When the system is in an idle or lightly loaded state, the free-pool count has a value in a small range. In an end node TCP/IP implementation, which uses messages between the layers and with applications, a message and its message block will be processed quickly and released to the free-pool. Allocations will be matched by releases over a period of time. The difference, i.e., the free-pool count, will not vary much because few messages will be held in the system waiting processing. Sampling the number of queued messages is a quick way to check the health of the system.

When the system is heavily loaded, messages may not be processed and released rapidly, so the free-pool count may dip to a low value. However, when the system comes out of this state, the free-pool count will return to the normal range.

The LowWaterMark can be used to indicate when the free-pool count is approaching a dangerously low number. It is a configurable parameter which is used to indicate when an alert will be sent to the system operator due to a potential depletion of buffers. The alert is sent when the free-pool count reaches a value equal to or below LowWaterMark.

This variable should be set to a value high enough so that the system can allocate buffers to send the alert to the manager about the depletion, permitting the manager to take appropriate action. The depletion may be a temporary phenomenon or could happen when some module is holding up a number of messages. The management action for this alert could be to increase the number of message blocks at the next startup or to shut down the errant module. Choosing the correct value for LowWaterMark can permit a graceful shutdown of the system by the manager.

Similar to the message control block, we have a control block for . The structure is shown in Listing 6.2.

Listing 6.2: Data control block.

 typedef struct {   struct  DataBlock *FreePoolPtr;            unsigned long    FreePoolCount;            unsigned long    NumAllocs;            unsigned long    NumReleases;            unsigned long    LowWaterMark;            unsigned long    MaxAllocs;         } DataControlBlock;

6.1.10 Exception Conditions in Buffer Management

If the system does not have adequate memory for buffers, or if there are issues in passing buffers between modules, the designer would have to provide for exception conditions such as the following:

Lack of buffers or message or data blocks
Modules unable to process messages fast enough
Errant modules not releasing buffers
System unable to keep up with data rates

The lack of buffers or message or data blocks was covered earlier in the text where we specified using a low-water mark to alert the operator. Designers should engineer pool counts for fully loaded systems, which can be verified when the system is tested in the lab at peak load. It is usually not possible to fix this problem on a real-time system in the field. However, the alert helps the operator determine problems that should be addressed on the next system reboot.

Modules may not be able to keep up with messages for a variety of reasons. They could be spending a lot of time in algorithmic processing, or they may be scheduled less often due to lower task priorities. This causes some modules to hold up buffers. Modules which queue these buffers should perform flow control whenever the destination module queues reach a high-water mark. This is a threshold parameter to indicate a safe queue depth or count. The queuing call made by the source module checks if the queue of the target module has crossed the high-water mark. If so, it aborts the queuing operation and returns an error code to the source module. The source module can report this error or retry its operation at a later stage by storing the message in its own queue.

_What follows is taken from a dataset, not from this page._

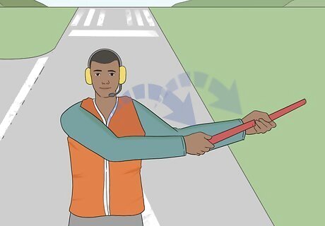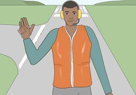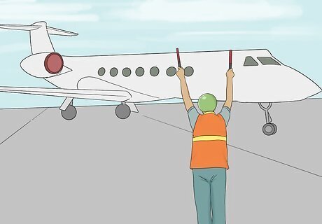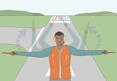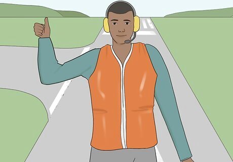 Stand in clear view of the pilot you’re directing. When it’s time to marshall a jet, stand forward of the left wingtip of the plane, far enough out ahead of the aircraft that the pilot can easily see you. Stay within view of the pilot until they are authorized to continue without your direction or have been passed on to another marshall. You’ll get ample instruction on positioning yourself for both visibility and safety during your training to become an aircraft marshall.
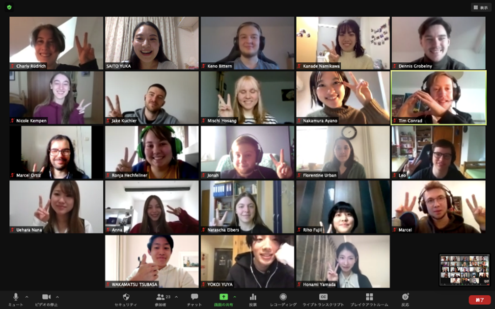 春学期に開始する、上智大学のドイツ文学科の学生が毎回担当となり日本語をメインとして言語交換を行うJapanexpressコースとデュッセルドルフ大学の学生がドイツ語をメインとして言語交換を行うGermanexpressコースがそれぞれオンラインで企画されると、参加者総数60名をこえる大きな日独交流プラットフォームが出来上がっていました。

Errant modules are those that are unreliable due to bugs or faulty design. These cause the system to run out of message blocks and buffers. The low-water mark and alert is one way to inform the operator about these modules.

The final type of error is that the system cannot keep up with data rates and runs out of buffers. There are several methods to handle congestion, including well-known techniques such as RED (Random Early Detection/Discard) and Weighted RED. Several of these techniques are now implemented in hardware controllers also.